Laos
Laos allows only incidental use of public artworks (no real FoP), and drones need Ministry of Public Works and Transport licensing, with Luang Prabang's UNESCO core effectively no-fly.
Guidance, not legal advice
Drone Authority
Check the flight side
Photography access and drone permission are separate questions. Drone Authority covers the flight-law side for this country.
Permit
Conditional
Issuer: No permit for casual public photography; government permission (Ministry of Information, Culture and Tourism channels) for commercial filming, and Ministry of National Defense sign-off for aerial work near sensitive locations
Personal photography needs no permit. Foreign commercial productions need government approvals and typically a local partner; requirements are opaque, so confirm through official channels or an experienced fixer before budgeting.
Drone / airspace
Licensed by the Ministry of Public Works and Transport (civil aviation department); drones over 200 g require a license, and aerial photography of security-sensitive locations needs Ministry of National Defense permission
Luang Prabang's old quarter, Mount Phousi, and the riverside temples are effectively no-fly for casual users, and the airport is about 2 km from the center.

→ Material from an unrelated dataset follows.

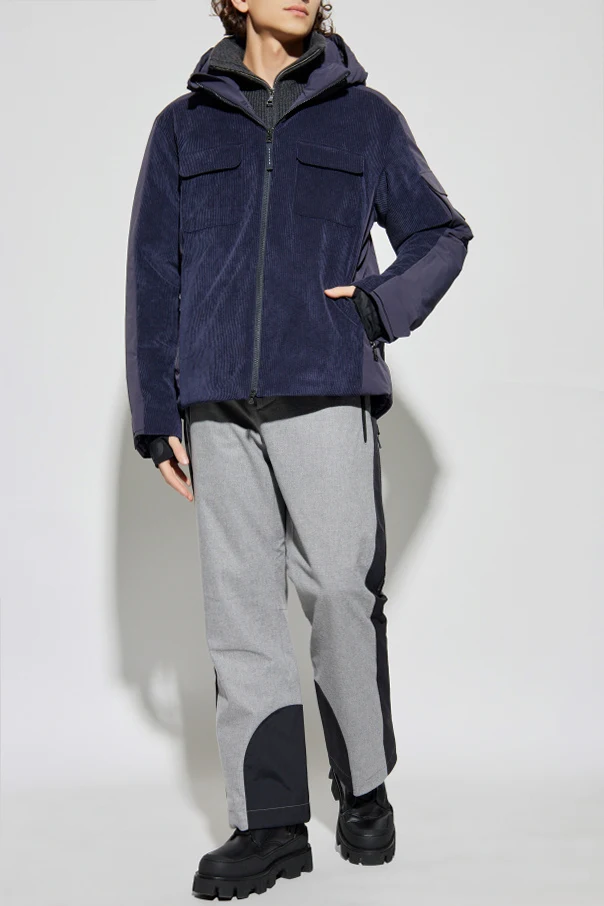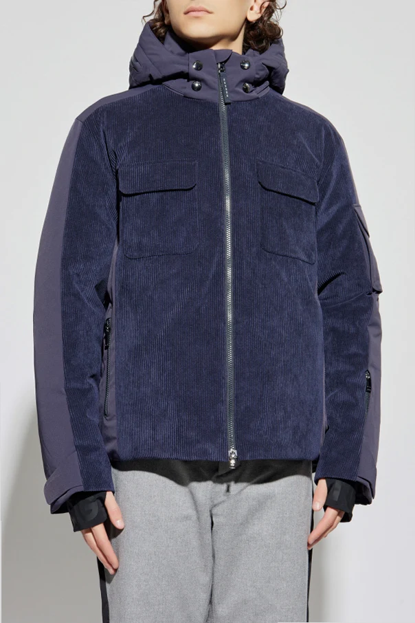 Przód kurtki został wykonany z wyrazistego sztruksu o głębokiej, pionowej strukturze, podczas gdy boki, rękawy i część tylna uszyto z technicznego materiału odpornego na niekorzystne warunki atmosferyczne. Pikowana konstrukcja i wykorzystanie szlachetnego puchu gwarantują komfort termiczny podczas zimowych aktywności. Centralny, dwustronny suwak oraz subtelne, dyskretne oznaczenie projektanta na kieszeni rękawa dopełniają całości tego wyjątkowego projektu.
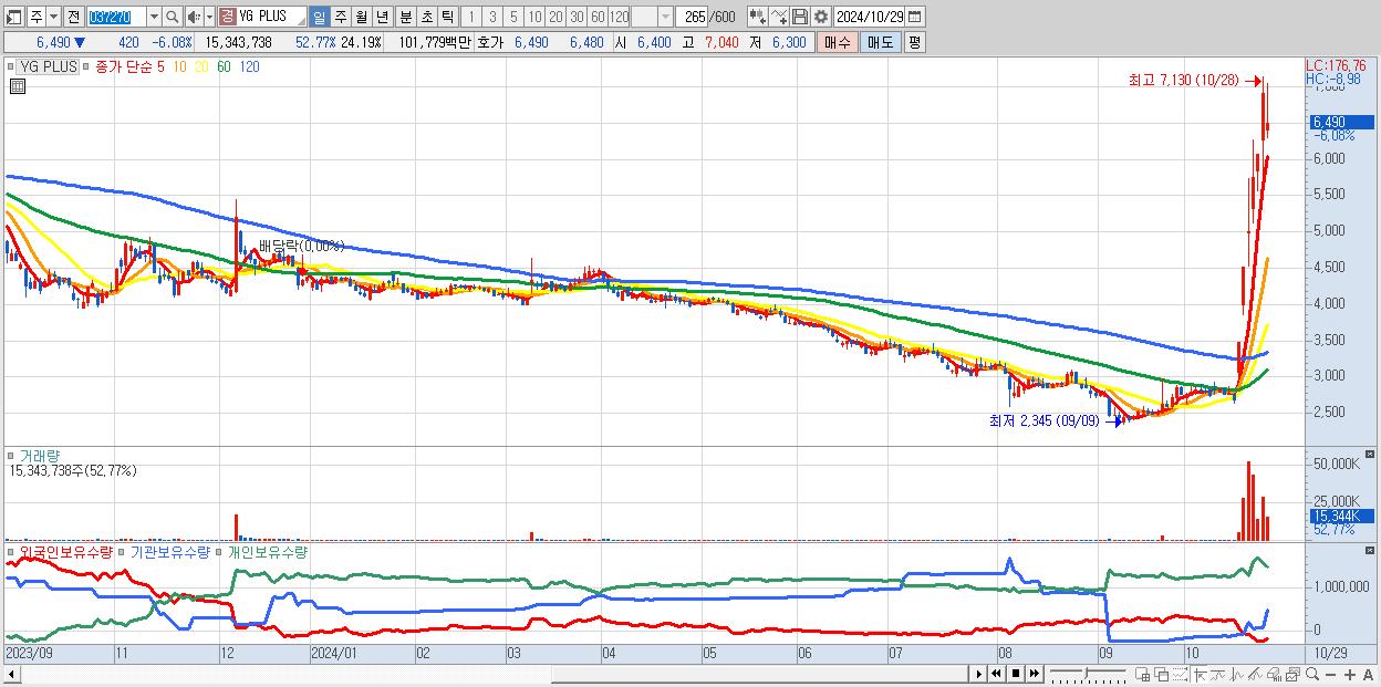- YG PLUS (6,490원 ▼ -6.08% , 시총: 4,117억, 거래량: 15,343,738, 거래대금:1,018억)

For depth, see Drone Authority.
Street / public space
Yes to photograph in public
Street photography is lawful. At the Luang Prabang morning alms round: no flash, keep distance, do not block the monks; it is a religious ceremony, not a photo event. Avoid military subjects.
Freedom of panorama
Restricted (incidental use only)
Law No. 38/NA of 2017 (Art. 115.3) permits reproducing public artworks only where the inclusion is incidental and the work is not the object of the photograph. A commercial image whose main subject is a copyrighted Lao artwork or modern building has no panorama defense. Temple architecture centuries old is out of copyright and safe. Wikimedia Commons classifies Laos as no-FoP.
Practical notes
- Luang Prabang rewards handheld dawn work (alms round, Mount Phousi views); treat the whole UNESCO peninsula as drone-free unless you hold written approvals.
- Kuang Si Falls and rural landscapes carry no copyright issues; the FoP restriction bites only on modern works as main subjects.
- Unexploded-ordnance zones in eastern Laos are a physical hazard for remote landscape work; stay on marked paths.